### BRIEF
Everything in the data except the pictures belongs in your answer, copied exactly.

SOURCE MATERIAL: Begin

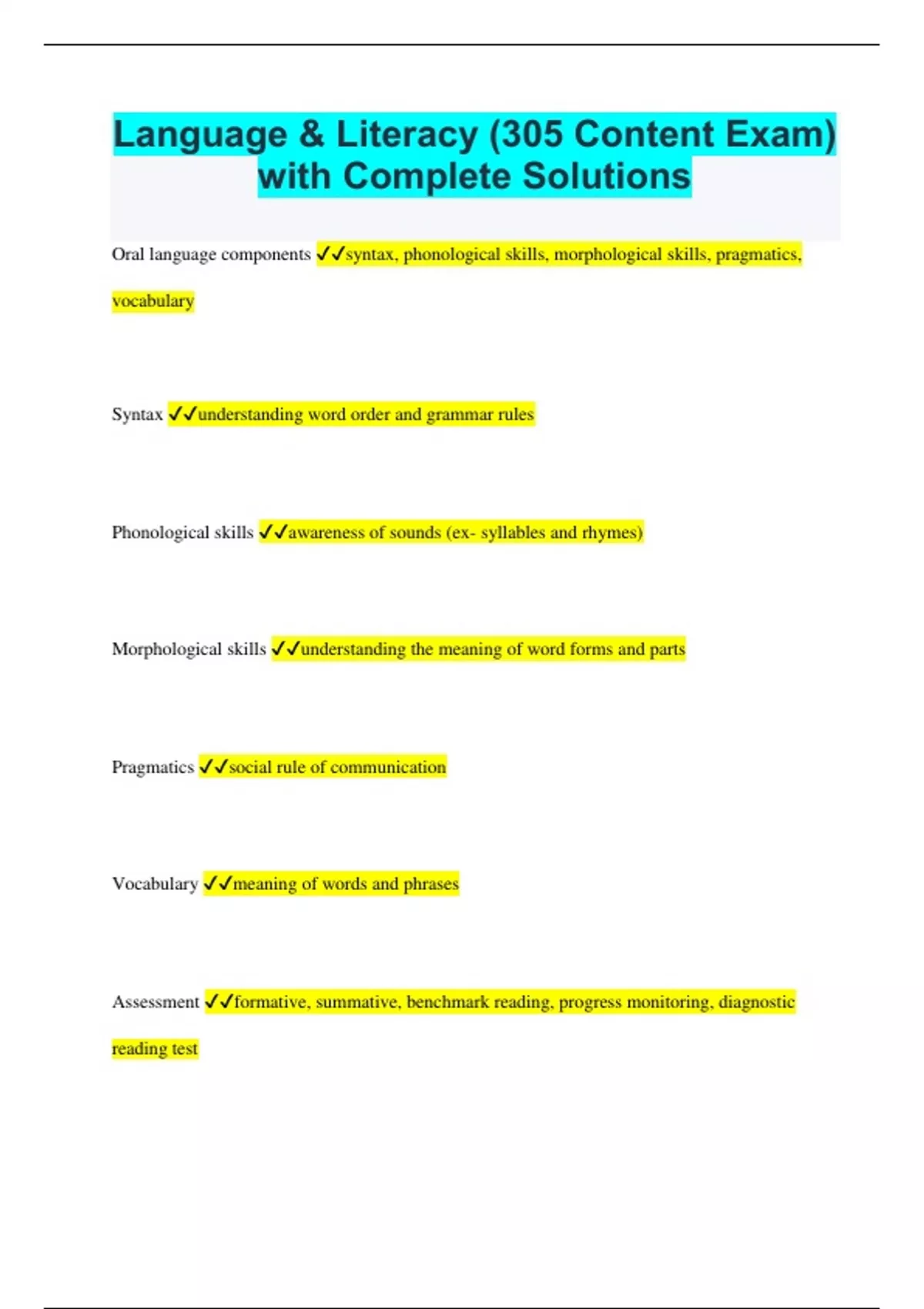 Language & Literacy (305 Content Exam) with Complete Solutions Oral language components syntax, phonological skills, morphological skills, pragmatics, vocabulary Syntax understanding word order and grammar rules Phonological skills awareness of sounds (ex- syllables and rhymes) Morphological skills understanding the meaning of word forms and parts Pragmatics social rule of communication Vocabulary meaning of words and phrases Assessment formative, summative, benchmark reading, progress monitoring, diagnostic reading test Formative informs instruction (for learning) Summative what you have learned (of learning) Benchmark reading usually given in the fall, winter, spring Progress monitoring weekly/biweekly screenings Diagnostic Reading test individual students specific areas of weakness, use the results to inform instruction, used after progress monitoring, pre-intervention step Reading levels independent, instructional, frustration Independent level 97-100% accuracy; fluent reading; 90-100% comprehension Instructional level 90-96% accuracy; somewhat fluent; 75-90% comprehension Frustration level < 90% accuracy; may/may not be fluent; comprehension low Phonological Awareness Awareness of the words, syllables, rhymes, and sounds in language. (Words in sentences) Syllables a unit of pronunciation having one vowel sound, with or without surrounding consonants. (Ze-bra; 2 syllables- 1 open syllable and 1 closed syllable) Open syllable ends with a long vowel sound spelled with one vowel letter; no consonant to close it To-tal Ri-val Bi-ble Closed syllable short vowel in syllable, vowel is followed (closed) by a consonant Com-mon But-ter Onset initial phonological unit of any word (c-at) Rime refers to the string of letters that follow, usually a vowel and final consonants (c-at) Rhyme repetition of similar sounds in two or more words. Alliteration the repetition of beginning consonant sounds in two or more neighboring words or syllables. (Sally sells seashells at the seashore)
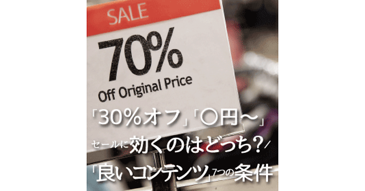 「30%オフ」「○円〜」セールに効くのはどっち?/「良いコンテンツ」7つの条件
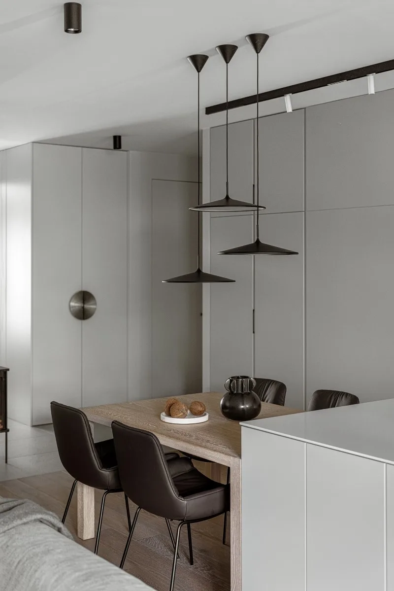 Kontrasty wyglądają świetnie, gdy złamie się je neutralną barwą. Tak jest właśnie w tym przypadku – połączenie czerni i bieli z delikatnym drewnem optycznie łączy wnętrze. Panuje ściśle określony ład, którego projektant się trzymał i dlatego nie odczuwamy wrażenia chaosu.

SOURCE MATERIAL: End

### ANSWER TO THIS TASK
 Language & Literacy (305 Content Exam) with Complete Solutions Oral language components syntax, phonological skills, morphological skills, pragmatics, vocabulary Syntax understanding word order and grammar rules Phonological skills awareness of sounds (ex- syllables and rhymes) Morphological skills understanding the meaning of word forms and parts Pragmatics social rule of communication Vocabulary meaning of words and phrases Assessment formative, summative, benchmark reading, progress monitoring, diagnostic reading test Formative informs instruction (for learning) Summative what you have learned (of learning) Benchmark reading usually given in the fall, winter, spring Progress monitoring weekly/biweekly screenings Diagnostic Reading test individual students specific areas of weakness, use the results to inform instruction, used after progress monitoring, pre-intervention step Reading levels independent, instructional, frustration Independent level 97-100% accuracy; fluent reading; 90-100% comprehension Instructional level 90-96% accuracy; somewhat fluent; 75-90% comprehension Frustration level < 90% accuracy; may/may not be fluent; comprehension low Phonological Awareness Awareness of the words, syllables, rhymes, and sounds in language. (Words in sentences) Syllables a unit of pronunciation having one vowel sound, with or without surrounding consonants. (Ze-bra; 2 syllables- 1 open syllable and 1 closed syllable) Open syllable ends with a long vowel sound spelled with one vowel letter; no consonant to close it To-tal Ri-val Bi-ble Closed syllable short vowel in syllable, vowel is followed (closed) by a consonant Com-mon But-ter Onset initial phonological unit of any word (c-at) Rime refers to the string of letters that follow, usually a vowel and final consonants (c-at) Rhyme repetition of similar sounds in two or more words. Alliteration the repetition of beginning consonant sounds in two or more neighboring words or syllables. (Sally sells seashells at the seashore)
 「30%オフ」「○円〜」セールに効くのはどっち?/「良いコンテンツ」7つの条件
 Kontrasty wyglądają świetnie, gdy złamie się je neutralną barwą. Tak jest właśnie w tym przypadku – połączenie czerni i bieli z delikatnym drewnem optycznie łączy wnętrze. Panuje ściśle określony ład, którego projektant się trzymał i dlatego nie odczuwamy wrażenia chaosu.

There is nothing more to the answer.